# Work required
In the records below, reproduce exactly the lines from the one containing "Promotional Travel Luggage" through the one containing "Die eDiscovery-Tools in", both included, and omit the pictures.

# Provided entries
=== Begin Enclosure ===
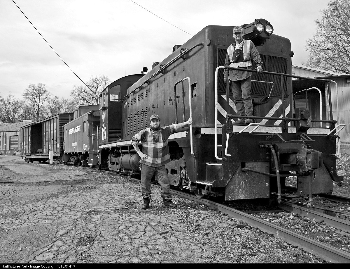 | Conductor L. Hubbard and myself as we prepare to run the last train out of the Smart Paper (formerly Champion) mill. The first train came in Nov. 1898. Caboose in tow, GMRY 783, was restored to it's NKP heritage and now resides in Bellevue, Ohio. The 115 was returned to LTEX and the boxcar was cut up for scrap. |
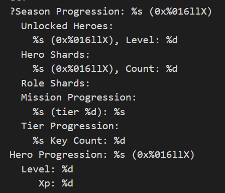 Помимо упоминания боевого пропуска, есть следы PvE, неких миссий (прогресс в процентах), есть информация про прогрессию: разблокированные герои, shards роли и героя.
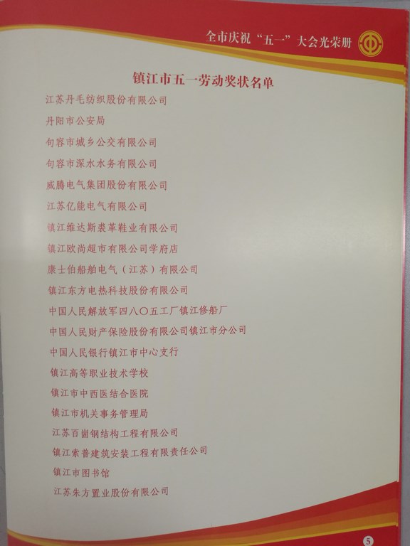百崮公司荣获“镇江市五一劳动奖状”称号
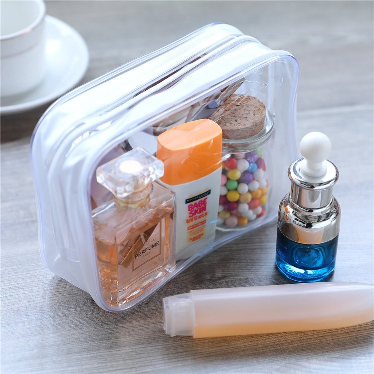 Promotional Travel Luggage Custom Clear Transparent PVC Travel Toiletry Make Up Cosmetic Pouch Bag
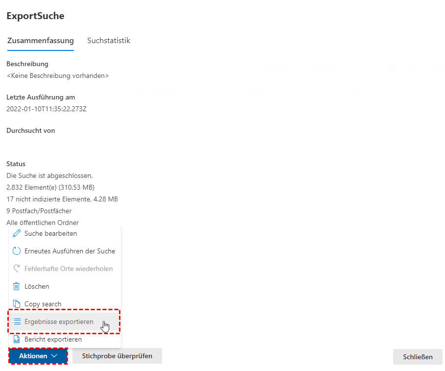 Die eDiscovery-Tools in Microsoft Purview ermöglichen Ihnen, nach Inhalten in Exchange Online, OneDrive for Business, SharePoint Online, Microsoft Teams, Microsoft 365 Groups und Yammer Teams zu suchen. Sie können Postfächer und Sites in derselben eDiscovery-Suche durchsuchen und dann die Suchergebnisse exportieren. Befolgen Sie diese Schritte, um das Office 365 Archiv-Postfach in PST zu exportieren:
=== End Enclosure ===
=== Begin Enclosure ===
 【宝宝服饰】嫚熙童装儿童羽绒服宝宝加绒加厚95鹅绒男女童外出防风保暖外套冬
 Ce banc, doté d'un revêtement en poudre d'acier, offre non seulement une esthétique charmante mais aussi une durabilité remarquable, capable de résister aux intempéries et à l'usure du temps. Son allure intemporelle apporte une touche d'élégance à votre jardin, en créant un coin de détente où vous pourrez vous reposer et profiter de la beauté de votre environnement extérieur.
=== End Enclosure ===
# Output for this exercise
 Promotional Travel Luggage Custom Clear Transparent PVC Travel Toiletry Make Up Cosmetic Pouch Bag
 Die eDiscovery-Tools in Microsoft Purview ermöglichen Ihnen, nach Inhalten in Exchange Online, OneDrive for Business, SharePoint Online, Microsoft Teams, Microsoft 365 Groups und Yammer Teams zu suchen. Sie können Postfächer und Sites in derselben eDiscovery-Suche durchsuchen und dann die Suchergebnisse exportieren. Befolgen Sie diese Schritte, um das Office 365 Archiv-Postfach in PST zu exportieren:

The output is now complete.